TASK PROMPT: Omit the pictures, then reproduce every remaining record exactly.

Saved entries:
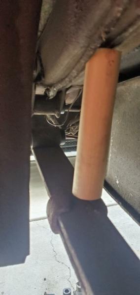 11. While pushing the shackle pins into the eyelets with the bushings in place, you need to alternately squeeze the bushings and push the shackle pins in. Because the wood holds the leaf away from the upper eyelet - the distance between the two eyelets will only need a slight outward adjustment with the crow bar. Without the wood, its hard to even get the crow bar between the eyelets. Push the long end of the crow bar between the two eyelets, and put the end of the crow bar against the upper frame a few inches beyond the eyelets. Push the eyelets slightly apart to match the size of the shackles. Once started, the shackle will hold the distance, and the crowbar may not be needed.
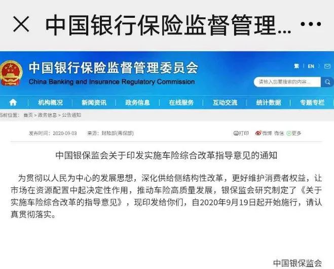 据中国银保监会《关于实施车险综合改革的指导意见》,车险综合改革将9月19日在全国正式落地实施。
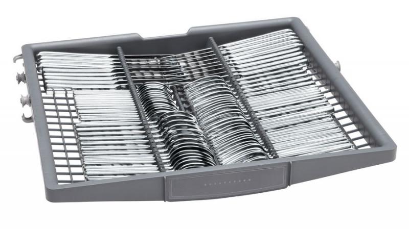 With 30% more loading area*, the 3rd rack provides extra space for flatware, large utensils and measuring cups. Its V shape leaves room below for tall items. *Compared to a Bosch dishwasher with 2 racks
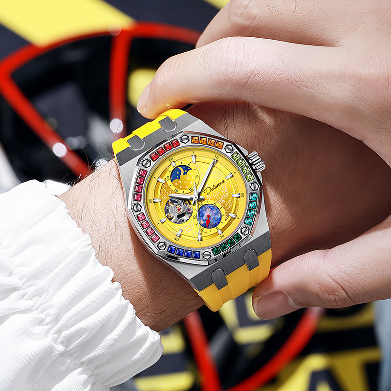 Colors: 6030F stainless steel strap in sunshine orange, 6030F stainless steel strap in light blue, 6030F stainless steel strap in yellow, 6030F rubber strap with black dial, 6030F rubber strap in light blue, 6030F rubber strap in sunshine orange, 6030F rubber strap in yellow, 6030F stainless steel strap with black dial
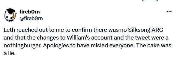 根据《空洞骑士》YouTuber fireb0rn的消息称,《空洞骑士:丝绸之歌》开发商Team Cherry的营销发行主管Matthew Griffin与他进行了联系,澄清了粉丝们对游戏发布的推测,William账户和推文的更改和更新都是无稽之谈,并对误导了玩家表达了歉意。
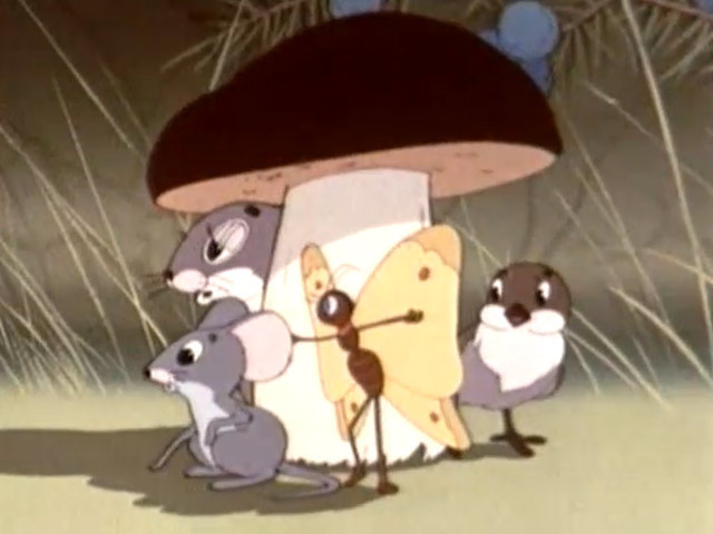 Застигнутые грозой муравей, бабочка, мышка и воробей, находят убежище под грибом. Во время дождя гриб подрастает, поэтому друзья укрывают и зайчонка от преследований лисы. Режиссер: В. Полковников.
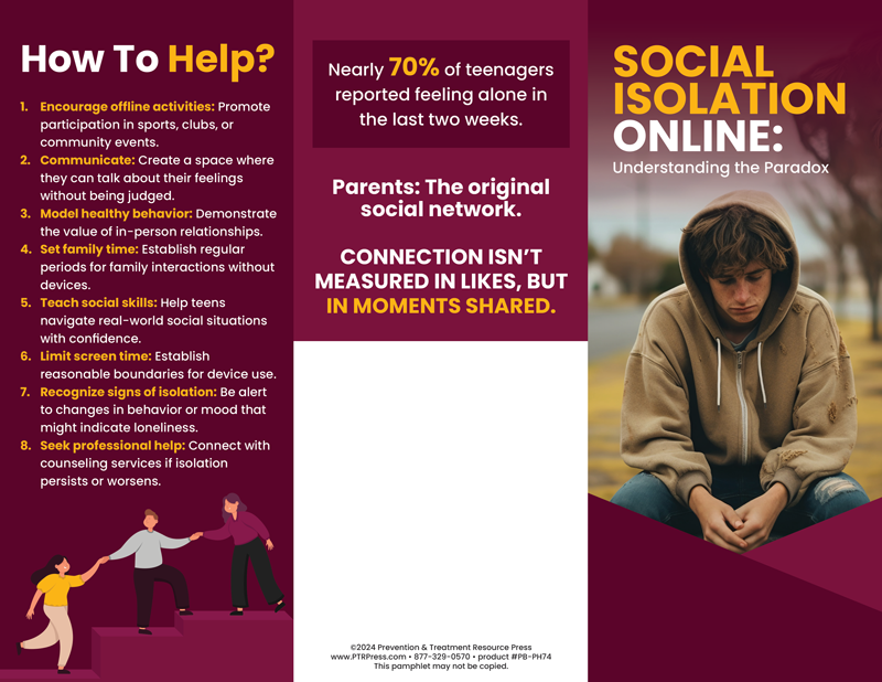 In an era of constant online connection, teens can still feel profoundly isolated. The Social Isolation Online Pamphlet helps individuals address this growing concern, offering practical tools to combat feelings of loneliness in the digital age.
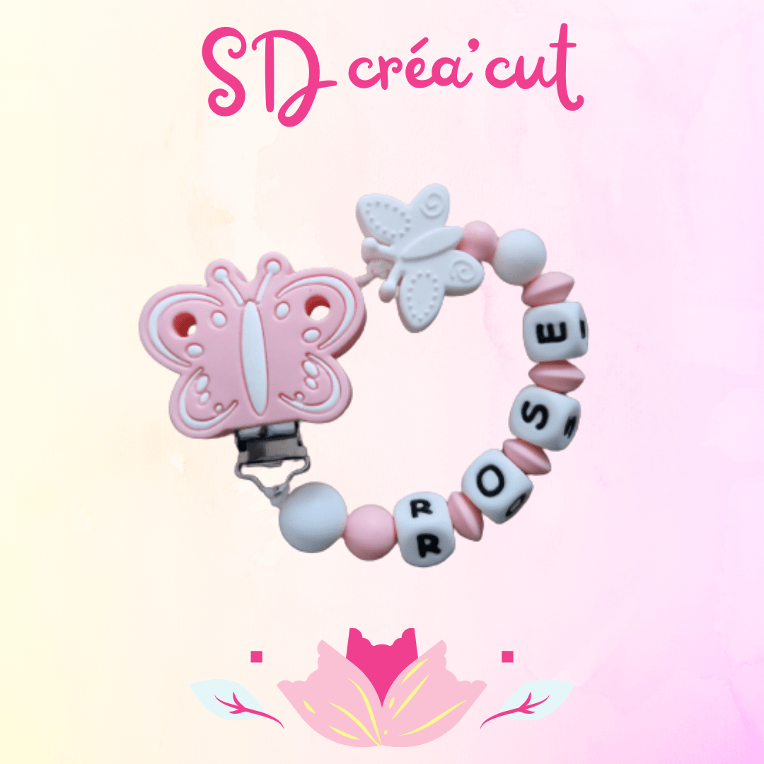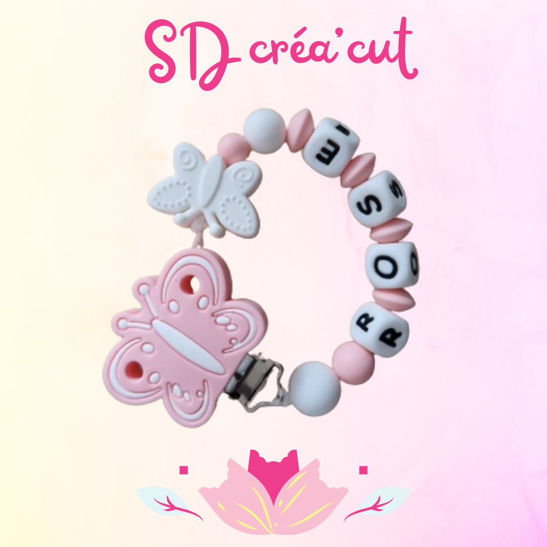 Attache-tétine en silicone Papillon Rose et Blanc | Personnalisable & Sécurisée
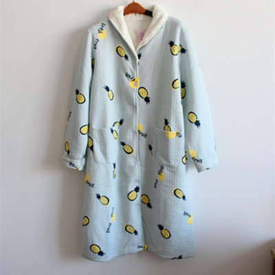 Áo choàng cô gái dày mùa đông Áo choàng cotton không khí Hoa văn trái cây tươi và đáng yêu ao ngu cao cap Night Robe
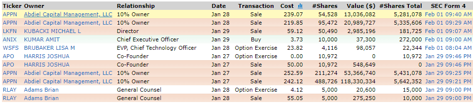 Например, агрегатор finviz.com собирает в одном месте все отчеты по форме 4, которую требует заполнить SEC американским инсайдерам.
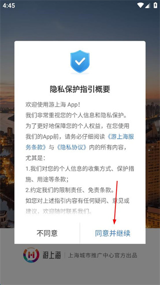 1、打开游上海软件,看到隐私保护指引概要弹窗,阅读内容后点击同意并继续按钮。
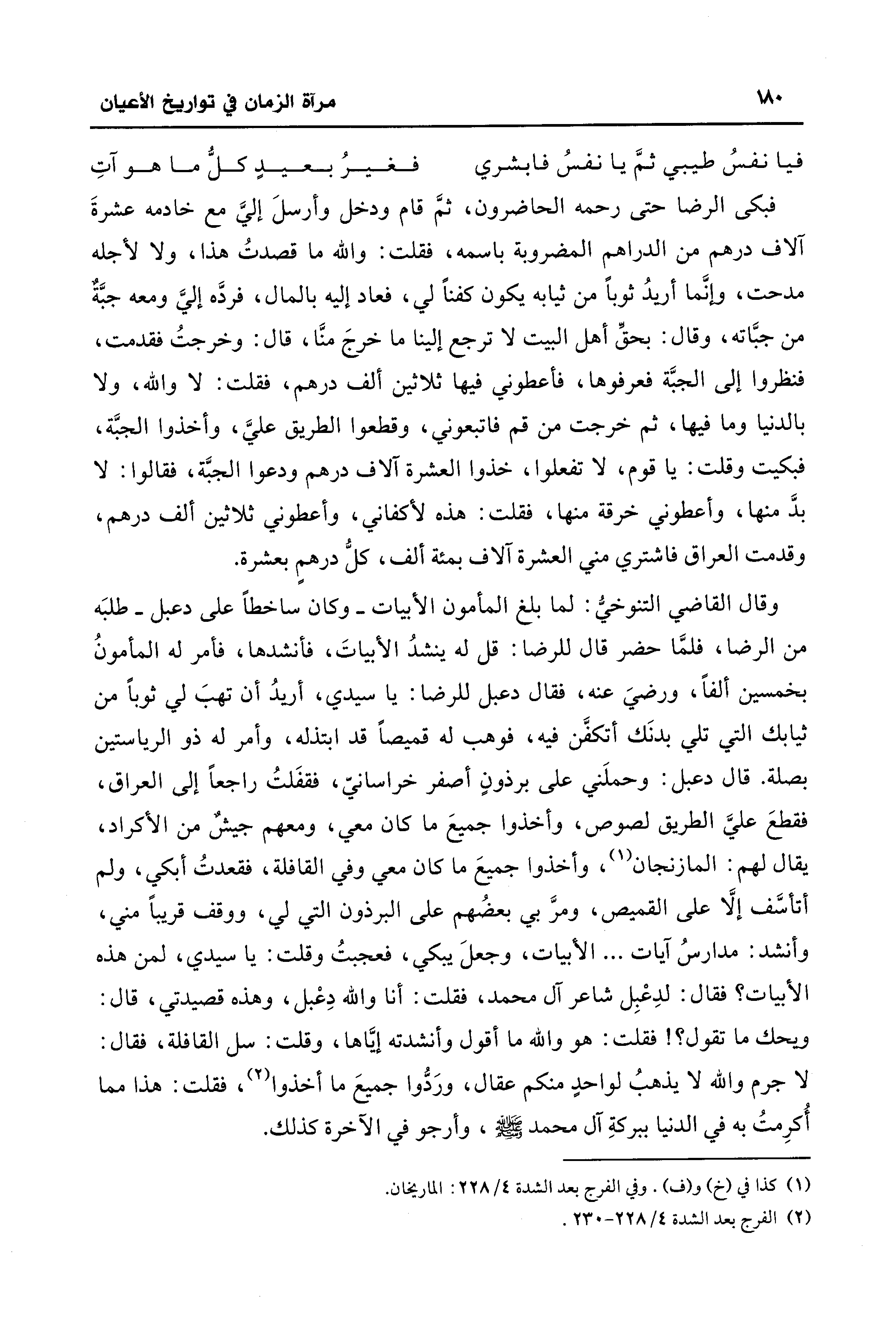 وقال القاضي التنوخيُّ: لما بلغ المأمون الأبيات -وكان ساخطًا على دعبل- طلبَه من الرضا، فلمَّا حضر قال للرضا: قل له ينشدُ الأبياتَ، فأنشدها، فأمر له المأمونُ بخمسين ألفًا، ورضيَ عنه، فقال دعبل للرضا: يا سيدي، أريدُ أن تهبَ لي ثوبًا من ثيابك التي تلي بدنَك أتكفَّن فيه، فوهب له قميصًا قد ابتذله، وأمر له ذو الرياستين بصلة. قال دعبل: وحملَني على برذونٍ أصفر خراسانيّ، فقفَلتُ راجعًا إلى العراق، فقطعَ عليَّ الطريق لصوص، وأخذوا جميعَ ما كان معي، ومعهم جيشٌ من الأكراد، يقال لهم: المازنجان (¬1)، وأخذوا جميعَ ما كان معي وفي القافلة، فقعدتُ أبكي، ولم أتأسَّف إلَّا على القميص، ومرَّ بي بعضُهم على البرذون التي لي، ووقف قريبًا مني، وأنشد: مدارسُ آيات ... الأبيات، وجعلَ يبكي، فعجبتُ وقلت: يا سيدي، لمن هذه الأبيات؟ فقال: لدِعْبِل شاعر آل محمد، فقلت: أنا والله دِعْبل، وهذه قصيدتي، قال: ويحك ما تقول؟ ! فقلت: هو والله ما أقول وأنشدته إيَّاها، وقلت: سل القافلة، فقال: لا جرم والله لا يذهبُ لواحدٍ منكم عقال، ورَدُّوا جميعَ ما أخذوا (¬2)، فقلت: هذا مما أُكرِمتُ به في الدنيا ببركةِ آل محمد - صلى الله عليه وسلم -، وأرجو في الآخرة كذلك.
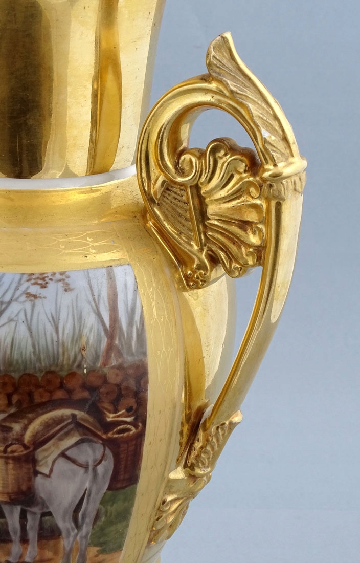 расположены на квадратном постаменте, с круглой ножкой и узкой ножкой, переходящей над ней в широкую ножку. , стройное тулово, слегка расширяющееся вверху, цилиндрическое и позолоченное, с отвернутым воротником. На животах две сцены с охотничьими мотивами, охотниками и животными, на заднем плане – пышная растительность. По бокам две ручки с узором в виде листьев и ракушек аканта.
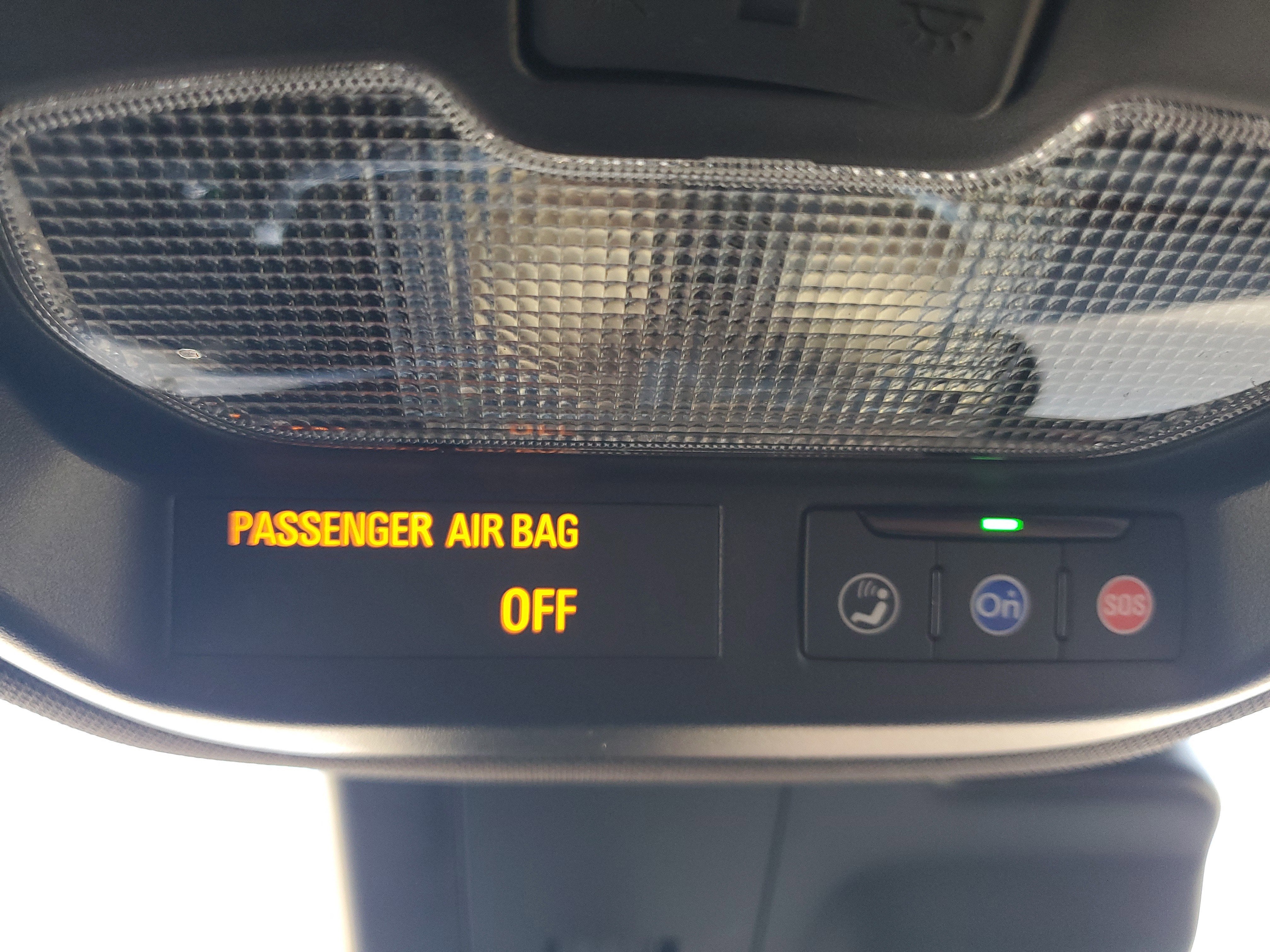 - Includes Passenger Sensing System which automatically switches the front passenger seat frontal airbag on or off and illuminates a status light that indicates whether the airbag is on or off1

OUTPUT BELOW:
 11. While pushing the shackle pins into the eyelets with the bushings in place, you need to alternately squeeze the bushings and push the shackle pins in. Because the wood holds the leaf away from the upper eyelet - the distance between the two eyelets will only need a slight outward adjustment with the crow bar. Without the wood, its hard to even get the crow bar between the eyelets. Push the long end of the crow bar between the two eyelets, and put the end of the crow bar against the upper frame a few inches beyond the eyelets. Push the eyelets slightly apart to match the size of the shackles. Once started, the shackle will hold the distance, and the crowbar may not be needed.
 据中国银保监会《关于实施车险综合改革的指导意见》,车险综合改革将9月19日在全国正式落地实施。
 With 30% more loading area*, the 3rd rack provides extra space for flatware, large utensils and measuring cups. Its V shape leaves room below for tall items. *Compared to a Bosch dishwasher with 2 racks
 Colors: 6030F stainless steel strap in sunshine orange, 6030F stainless steel strap in light blue, 6030F stainless steel strap in yellow, 6030F rubber strap with black dial, 6030F rubber strap in light blue, 6030F rubber strap in sunshine orange, 6030F rubber strap in yellow, 6030F stainless steel strap with black dial
 根据《空洞骑士》YouTuber fireb0rn的消息称,《空洞骑士:丝绸之歌》开发商Team Cherry的营销发行主管Matthew Griffin与他进行了联系,澄清了粉丝们对游戏发布的推测,William账户和推文的更改和更新都是无稽之谈,并对误导了玩家表达了歉意。
 Застигнутые грозой муравей, бабочка, мышка и воробей, находят убежище под грибом. Во время дождя гриб подрастает, поэтому друзья укрывают и зайчонка от преследований лисы. Режиссер: В. Полковников.
 In an era of constant online connection, teens can still feel profoundly isolated. The Social Isolation Online Pamphlet helps individuals address this growing concern, offering practical tools to combat feelings of loneliness in the digital age.
 Attache-tétine en silicone Papillon Rose et Blanc | Personnalisable & Sécurisée
 Áo choàng cô gái dày mùa đông Áo choàng cotton không khí Hoa văn trái cây tươi và đáng yêu ao ngu cao cap Night Robe
 Например, агрегатор finviz.com собирает в одном месте все отчеты по форме 4, которую требует заполнить SEC американским инсайдерам.
 1、打开游上海软件,看到隐私保护指引概要弹窗,阅读内容后点击同意并继续按钮。
 وقال القاضي التنوخيُّ: لما بلغ المأمون الأبيات -وكان ساخطًا على دعبل- طلبَه من الرضا، فلمَّا حضر قال للرضا: قل له ينشدُ الأبياتَ، فأنشدها، فأمر له المأمونُ بخمسين ألفًا، ورضيَ عنه، فقال دعبل للرضا: يا سيدي، أريدُ أن تهبَ لي ثوبًا من ثيابك التي تلي بدنَك أتكفَّن فيه، فوهب له قميصًا قد ابتذله، وأمر له ذو الرياستين بصلة. قال دعبل: وحملَني على برذونٍ أصفر خراسانيّ، فقفَلتُ راجعًا إلى العراق، فقطعَ عليَّ الطريق لصوص، وأخذوا جميعَ ما كان معي، ومعهم جيشٌ من الأكراد، يقال لهم: المازنجان (¬1)، وأخذوا جميعَ ما كان معي وفي القافلة، فقعدتُ أبكي، ولم أتأسَّف إلَّا على القميص، ومرَّ بي بعضُهم على البرذون التي لي، ووقف قريبًا مني، وأنشد: مدارسُ آيات ... الأبيات، وجعلَ يبكي، فعجبتُ وقلت: يا سيدي، لمن هذه الأبيات؟ فقال: لدِعْبِل شاعر آل محمد، فقلت: أنا والله دِعْبل، وهذه قصيدتي، قال: ويحك ما تقول؟ ! فقلت: هو والله ما أقول وأنشدته إيَّاها، وقلت: سل القافلة، فقال: لا جرم والله لا يذهبُ لواحدٍ منكم عقال، ورَدُّوا جميعَ ما أخذوا (¬2)، فقلت: هذا مما أُكرِمتُ به في الدنيا ببركةِ آل محمد - صلى الله عليه وسلم -، وأرجو في الآخرة كذلك.
 расположены на квадратном постаменте, с круглой ножкой и узкой ножкой, переходящей над ней в широкую ножку. , стройное тулово, слегка расширяющееся вверху, цилиндрическое и позолоченное, с отвернутым воротником. На животах две сцены с охотничьими мотивами, охотниками и животными, на заднем плане – пышная растительность. По бокам две ручки с узором в виде листьев и ракушек аканта.
 - Includes Passenger Sensing System which automatically switches the front passenger seat frontal airbag on or off and illuminates a status light that indicates whether the airbag is on or off1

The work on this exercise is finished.